● **DIRECTIONS FOR THIS TASK**
Please repeat the whole listing exactly, but leave out any picture it holds.

● **MATERIALS PROVIDED**
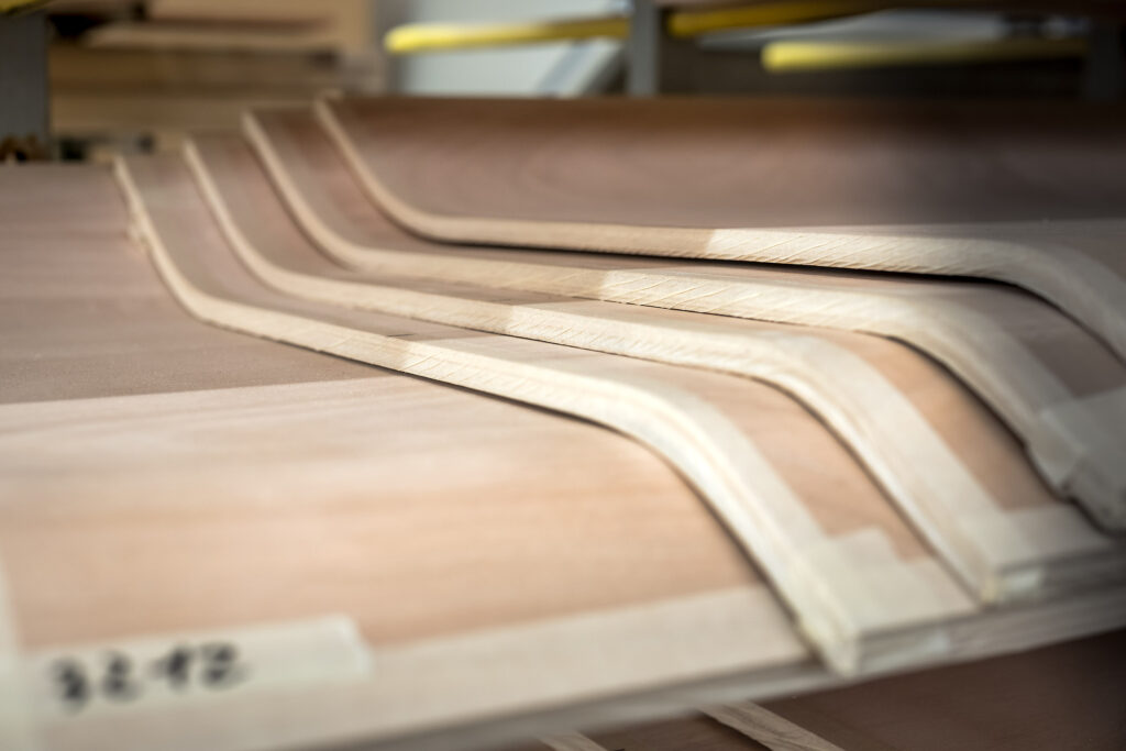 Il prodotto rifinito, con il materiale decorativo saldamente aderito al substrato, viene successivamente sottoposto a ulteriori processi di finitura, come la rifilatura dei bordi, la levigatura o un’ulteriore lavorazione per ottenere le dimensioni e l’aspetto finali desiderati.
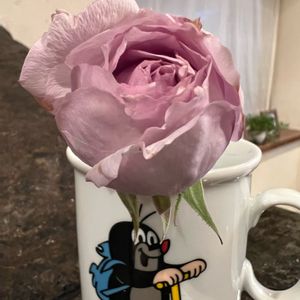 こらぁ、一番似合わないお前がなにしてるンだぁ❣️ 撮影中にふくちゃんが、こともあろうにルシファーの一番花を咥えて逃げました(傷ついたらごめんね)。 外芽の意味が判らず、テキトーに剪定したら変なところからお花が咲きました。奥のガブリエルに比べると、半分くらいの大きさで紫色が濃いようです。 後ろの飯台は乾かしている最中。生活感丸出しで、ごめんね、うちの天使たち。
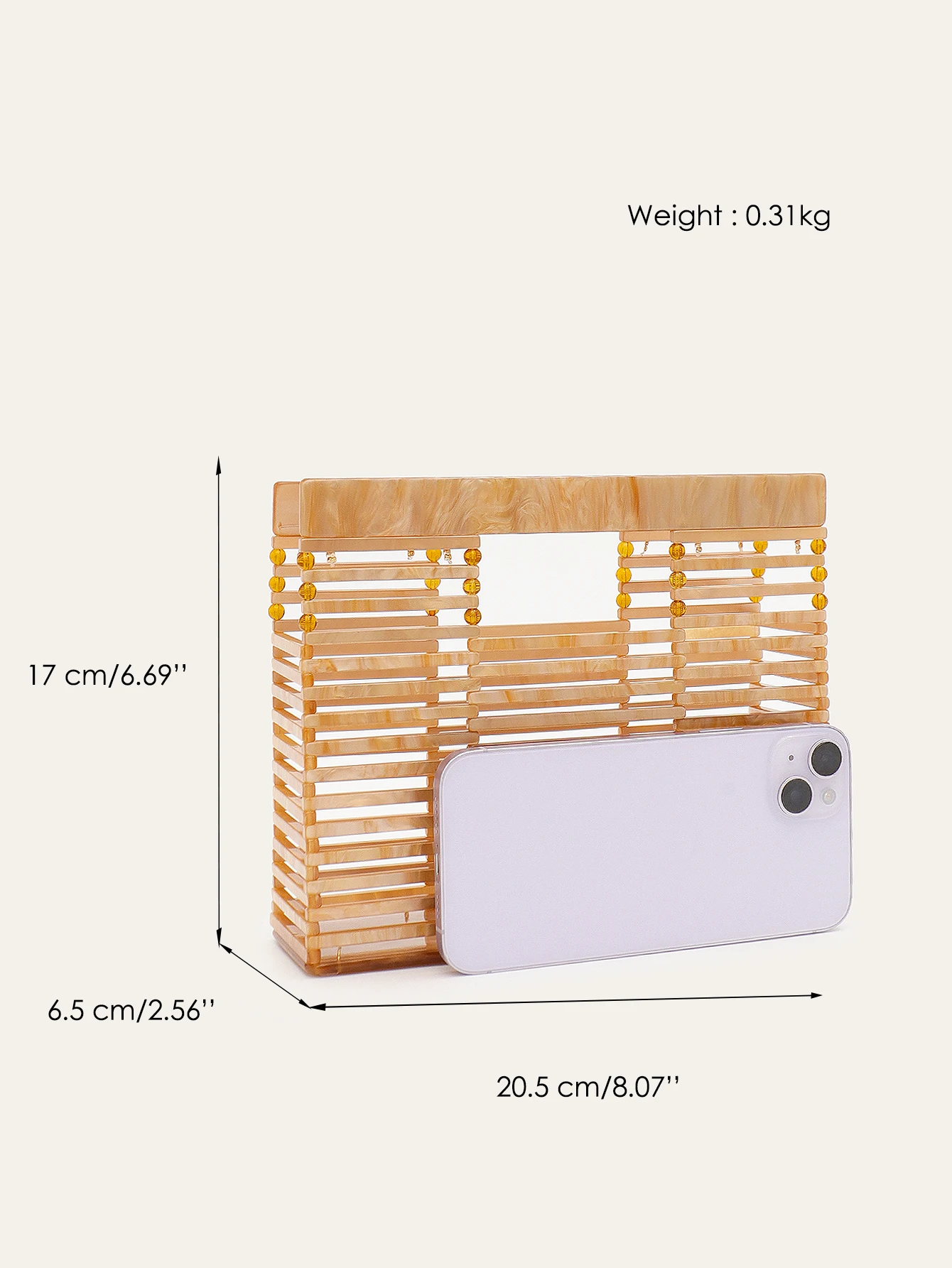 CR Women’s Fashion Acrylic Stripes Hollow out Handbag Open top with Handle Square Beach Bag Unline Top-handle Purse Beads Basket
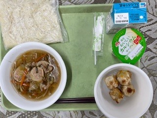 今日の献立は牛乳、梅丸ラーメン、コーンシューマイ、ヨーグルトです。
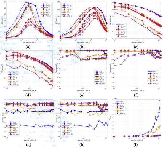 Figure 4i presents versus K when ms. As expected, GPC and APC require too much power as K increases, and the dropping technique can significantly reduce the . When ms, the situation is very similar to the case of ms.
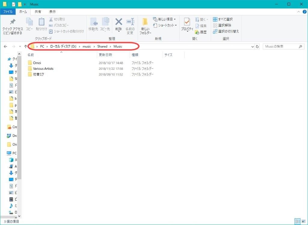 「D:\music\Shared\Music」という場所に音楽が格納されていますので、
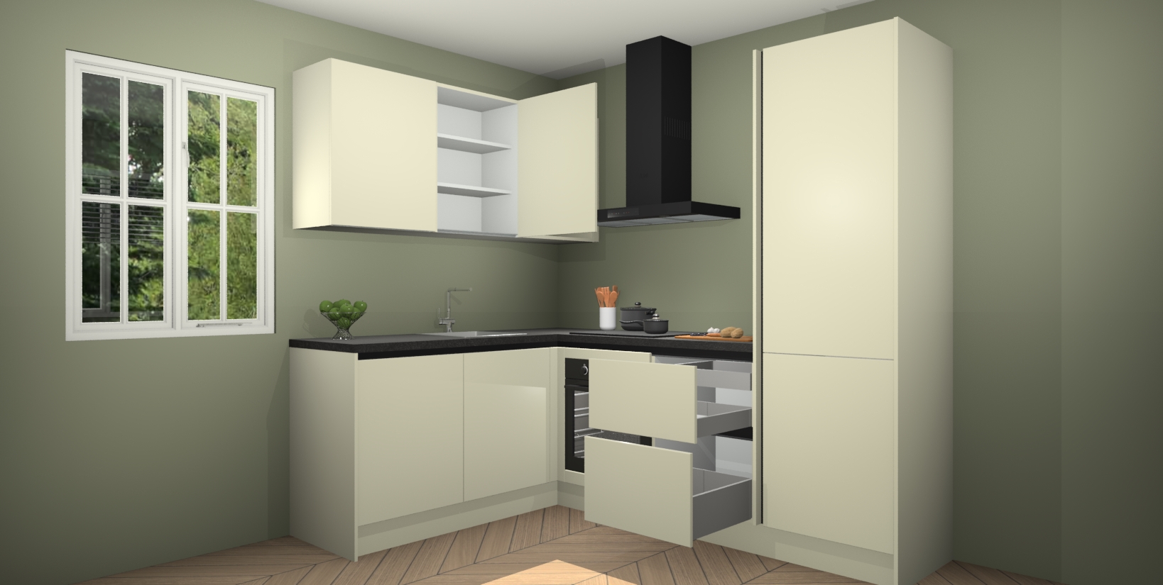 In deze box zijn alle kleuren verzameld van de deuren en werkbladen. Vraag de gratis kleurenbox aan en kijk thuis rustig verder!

● **ANSWER AREA**
 Il prodotto rifinito, con il materiale decorativo saldamente aderito al substrato, viene successivamente sottoposto a ulteriori processi di finitura, come la rifilatura dei bordi, la levigatura o un’ulteriore lavorazione per ottenere le dimensioni e l’aspetto finali desiderati.
 こらぁ、一番似合わないお前がなにしてるンだぁ❣️ 撮影中にふくちゃんが、こともあろうにルシファーの一番花を咥えて逃げました(傷ついたらごめんね)。 外芽の意味が判らず、テキトーに剪定したら変なところからお花が咲きました。奥のガブリエルに比べると、半分くらいの大きさで紫色が濃いようです。 後ろの飯台は乾かしている最中。生活感丸出しで、ごめんね、うちの天使たち。
 CR Women’s Fashion Acrylic Stripes Hollow out Handbag Open top with Handle Square Beach Bag Unline Top-handle Purse Beads Basket
 今日の献立は牛乳、梅丸ラーメン、コーンシューマイ、ヨーグルトです。
 Figure 4i presents versus K when ms. As expected, GPC and APC require too much power as K increases, and the dropping technique can significantly reduce the . When ms, the situation is very similar to the case of ms.
 「D:\music\Shared\Music」という場所に音楽が格納されていますので、
 In deze box zijn alle kleuren verzameld van de deuren en werkbladen. Vraag de gratis kleurenbox aan en kijk thuis rustig verder!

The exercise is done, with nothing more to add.